The purpose of this protocol is mostly for myself to learn to implement something of this type, but I will hopefully be using it for other things (academically, I don’t trust my own crypto use) as well.

Disclaimer

This is pre-alpha level. Do not use this for anything serious.

API

The API is a message-based API, so the programmer builds spack packets and those then get sent over the wire, the serialization is hidden from the programmer.

Another note on connections: this protocol is being built with the idea of using it in a key-value store in the future, as well as in conjoinment with a Kerberos-like authentication system. Therefore, if you play your cards right, you should never have to authenticate insecurely (vulnerable to mitm), but I wanted to offer the functionality.

Functions

(listener host port handler)

Listen for connections at host, on the given port.

You must pass handler, which is a function which takes one argument, a stalk:connection with which you can manage the connection.

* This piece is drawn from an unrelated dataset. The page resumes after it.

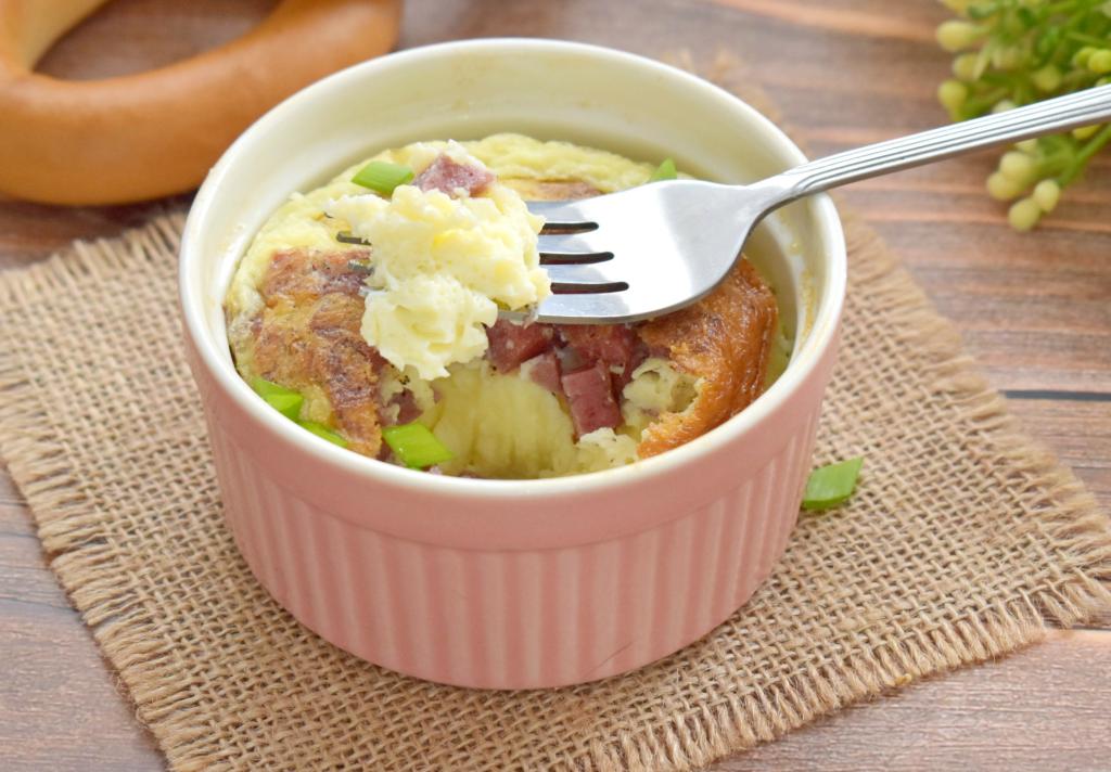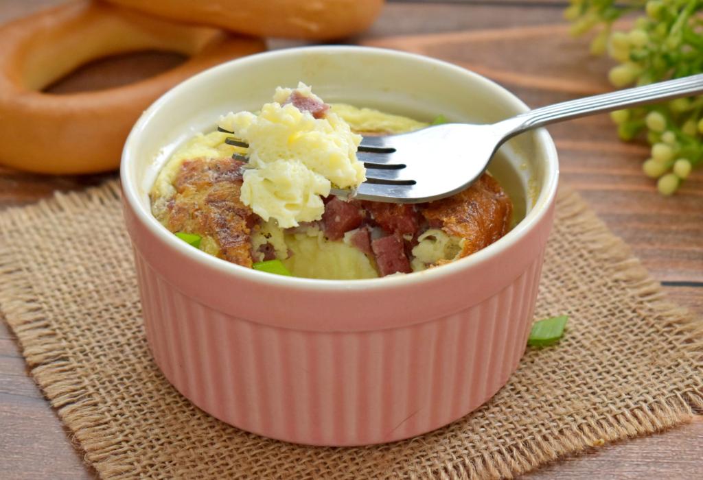 Достаём формочку с омлетом с колбасой из чаши аэрогриля и сразу подаём к столу. Омлет получился нежным, в меру плотным, его можно подать к столу и на завтрак, и в качестве быстрого перекуса в течение дня.

There’s an example debug-handler in stalk.lisp to show an example of printing objects to *debug-io* as they arrive.

(connect host port &key (identity *default-identity*) server-identity)

Create a connection to host on port, attempting to connect with identity, connecting to server-identity. At project load, *default-identity* will be attempted to be loaded from /.spack/id_pub and /.spack/id_priv. If server-identity is omitted, a handshake is done without verifying the authenticity of the server.

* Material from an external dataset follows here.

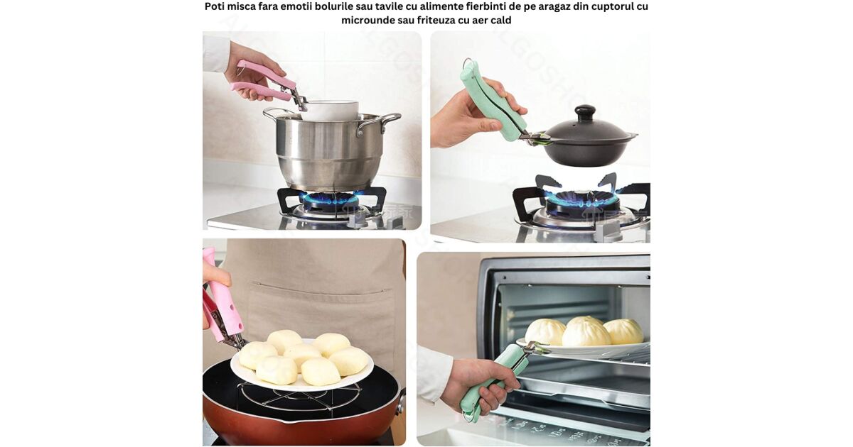 This universal handle is designed for the safe and comfortable handling of hot pots, dishes, and trays. Made of high-quality stainless steel and non-slip material, it ensures stability and prevents burns. The spring mechanism allows for easy and safe use.

The function returns a stalk-connection class. If the server you try to connect to’s identity does not check out, then will error out.

If identity is not provided, no authentication is done, and the handshake is thus vulnerable to MITM attacks.

Otherwise, there is a Diffie-Hellman key exchange with curve25519 signed with RSA 2048-bit that is done to authenticate the server as well as to allow for an AES-256 (OFB) channel to be opened.

Better Failure Handling

(send spack connection)

This is a message based protocol, unlike TCP, which is a bytestream-based one. To use it, create a spack object, push the objects on it you want to be delivered as a unit, and this will send them down the wire serialized and encrypted.

(flush connection)

Force the currently sent elements down the pipeline and out the socket. If you don’t do this, I don’t know if they’ll ever send (or at least not until you enqueue a ton of them up)

Classes

stalk-connection

This is the catch-all class for connections from one node to another.

Slots

  • host
    • Host with which you’re communicating
  • port
    • Self-explanatory
  • peer-identity
    • An identity class (seen below) for the peer of the connection
  • identity
    • Your identity in the connection
  • socket
    • A usocket-stream-socket that you’re transmitting over
  • cipher
    • The ironclad:cipher used during your connections

identity

Slots

  • pubkey
    • An ironclad:public-key.
  • privkey
    • Kinda self-explanatory, no?
  • keysize
    • This isn’t particularly required, and I don’t believe it is exposed in the library :^)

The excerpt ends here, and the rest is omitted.